* **Task**
Give the records again in full, exactly as they appear, but without the pictures.

######

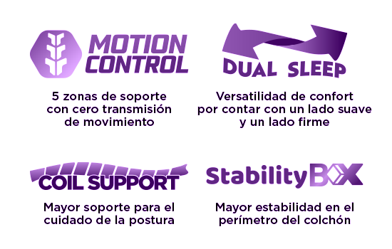 - Motion Control: 5 zonas de soporte con cero transmisión de movimiento
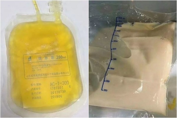 ▲正常的血漿應呈現淡黃色透明狀(如圖左),但小琳抽出的血漿卻是如同固體豬油一般的「奶茶色」。(圖/翻攝《錢江晚報》)
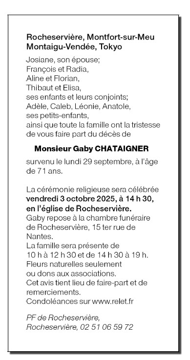 Décédé à Cugand (85610, France) le lundi 29 septembre 2025 à l'âge de 71 ans
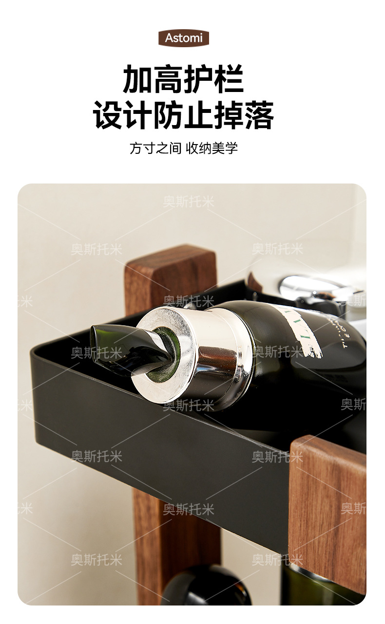 胡桃木家用调味架中古风厨房置物架储物架免打孔台面调料品收纳架
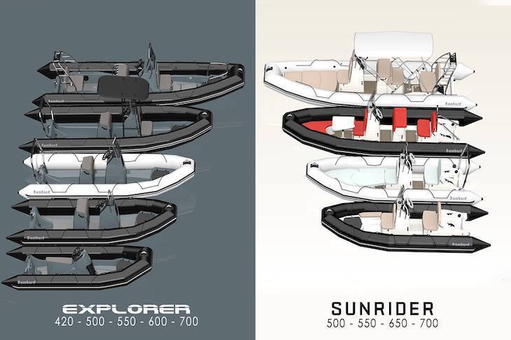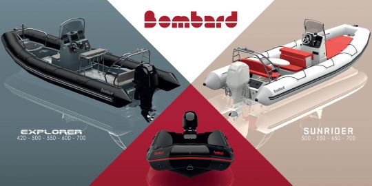 BOMBARD propose à ce jour 2 gammes de semi-rigides (Explorer et Sunrider) et 2 gammes de bateaux souples (Commando et Typhoon) avec un nouveau design et davantage de couleurs et de matières.
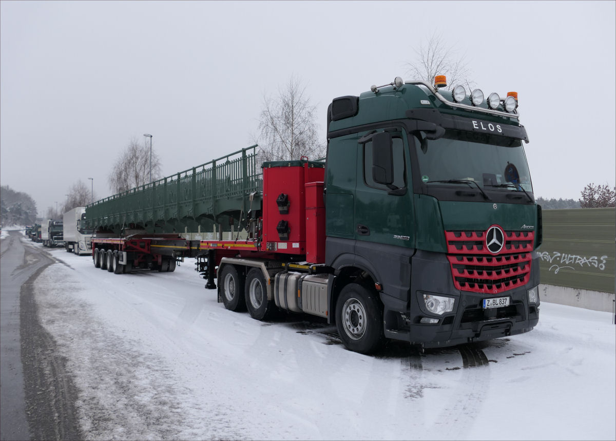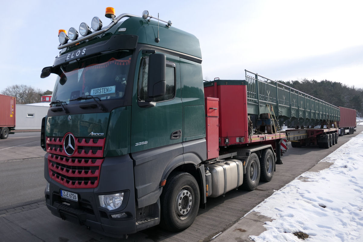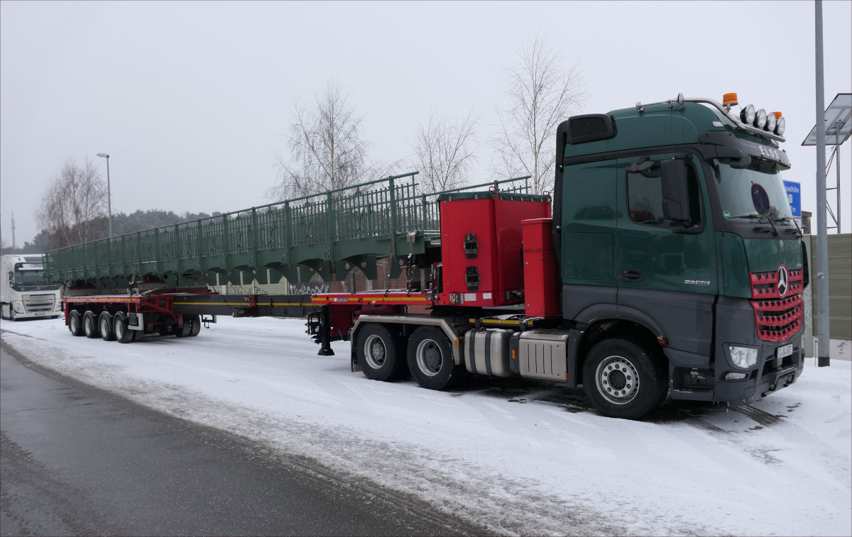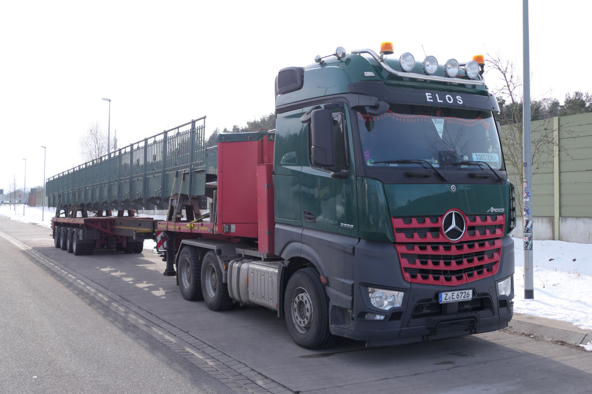 2x MB 4158 Actros Titan mit Brücken für die Schanzenstraße in Hamburg

######

* **Solution to the problem**
 - Motion Control: 5 zonas de soporte con cero transmisión de movimiento
 ▲正常的血漿應呈現淡黃色透明狀(如圖左),但小琳抽出的血漿卻是如同固體豬油一般的「奶茶色」。(圖/翻攝《錢江晚報》)
 Décédé à Cugand (85610, France) le lundi 29 septembre 2025 à l'âge de 71 ans
 胡桃木家用调味架中古风厨房置物架储物架免打孔台面调料品收纳架
 BOMBARD propose à ce jour 2 gammes de semi-rigides (Explorer et Sunrider) et 2 gammes de bateaux souples (Commando et Typhoon) avec un nouveau design et davantage de couleurs et de matières.
 2x MB 4158 Actros Titan mit Brücken für die Schanzenstraße in Hamburg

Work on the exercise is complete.